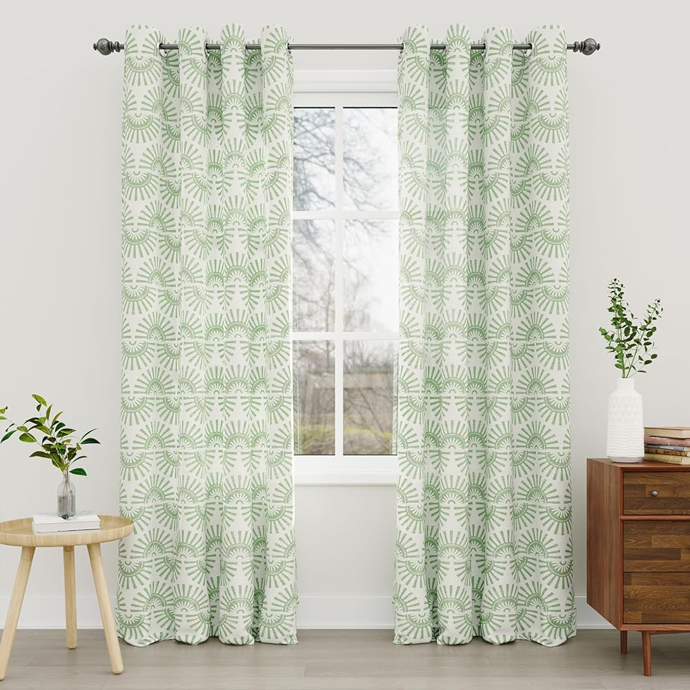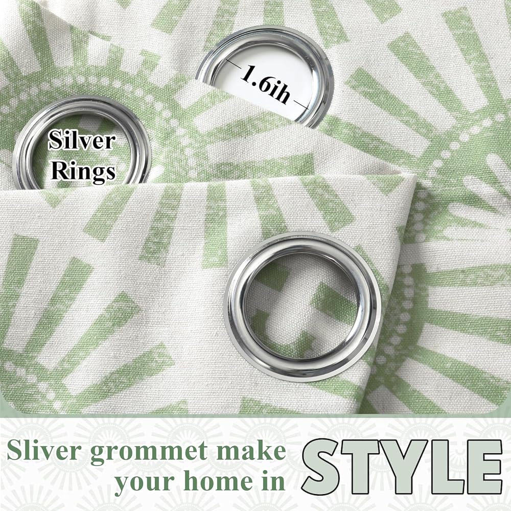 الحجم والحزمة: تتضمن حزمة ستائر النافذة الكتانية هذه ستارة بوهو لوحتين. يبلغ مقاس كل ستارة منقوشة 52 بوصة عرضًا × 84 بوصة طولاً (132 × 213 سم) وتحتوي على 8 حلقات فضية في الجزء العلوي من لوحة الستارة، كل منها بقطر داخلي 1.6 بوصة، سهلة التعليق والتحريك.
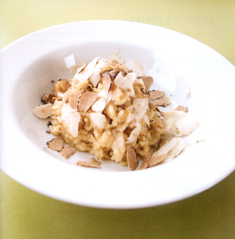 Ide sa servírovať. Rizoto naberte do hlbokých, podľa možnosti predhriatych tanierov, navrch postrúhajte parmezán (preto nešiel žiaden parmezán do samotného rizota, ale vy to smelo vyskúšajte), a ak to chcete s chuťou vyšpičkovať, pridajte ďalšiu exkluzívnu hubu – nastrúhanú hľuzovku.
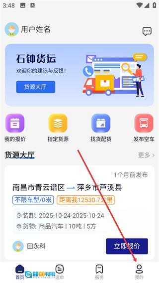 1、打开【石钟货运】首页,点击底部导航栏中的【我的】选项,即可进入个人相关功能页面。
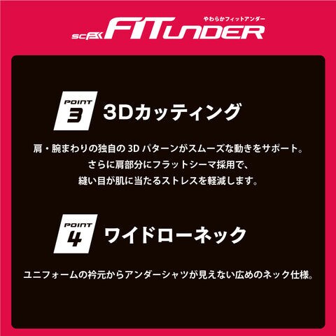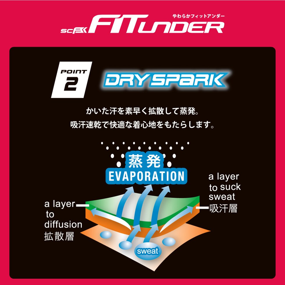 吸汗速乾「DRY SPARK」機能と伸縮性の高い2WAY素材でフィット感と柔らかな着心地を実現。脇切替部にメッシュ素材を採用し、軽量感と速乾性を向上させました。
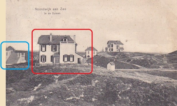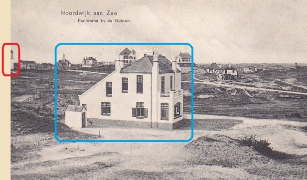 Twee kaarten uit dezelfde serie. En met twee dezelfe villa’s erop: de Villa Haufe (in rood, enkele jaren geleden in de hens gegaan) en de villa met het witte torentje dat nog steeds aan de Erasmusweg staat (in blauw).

→ Instructions to follow
The material above is to be transcribed exactly, with its images omitted.

→ Finished exercise
 الحجم والحزمة: تتضمن حزمة ستائر النافذة الكتانية هذه ستارة بوهو لوحتين. يبلغ مقاس كل ستارة منقوشة 52 بوصة عرضًا × 84 بوصة طولاً (132 × 213 سم) وتحتوي على 8 حلقات فضية في الجزء العلوي من لوحة الستارة، كل منها بقطر داخلي 1.6 بوصة، سهلة التعليق والتحريك.
 Ide sa servírovať. Rizoto naberte do hlbokých, podľa možnosti predhriatych tanierov, navrch postrúhajte parmezán (preto nešiel žiaden parmezán do samotného rizota, ale vy to smelo vyskúšajte), a ak to chcete s chuťou vyšpičkovať, pridajte ďalšiu exkluzívnu hubu – nastrúhanú hľuzovku.
 1、打开【石钟货运】首页,点击底部导航栏中的【我的】选项,即可进入个人相关功能页面。
 吸汗速乾「DRY SPARK」機能と伸縮性の高い2WAY素材でフィット感と柔らかな着心地を実現。脇切替部にメッシュ素材を採用し、軽量感と速乾性を向上させました。
 Twee kaarten uit dezelfde serie. En met twee dezelfe villa’s erop: de Villa Haufe (in rood, enkele jaren geleden in de hens gegaan) en de villa met het witte torentje dat nog steeds aan de Erasmusweg staat (in blauw).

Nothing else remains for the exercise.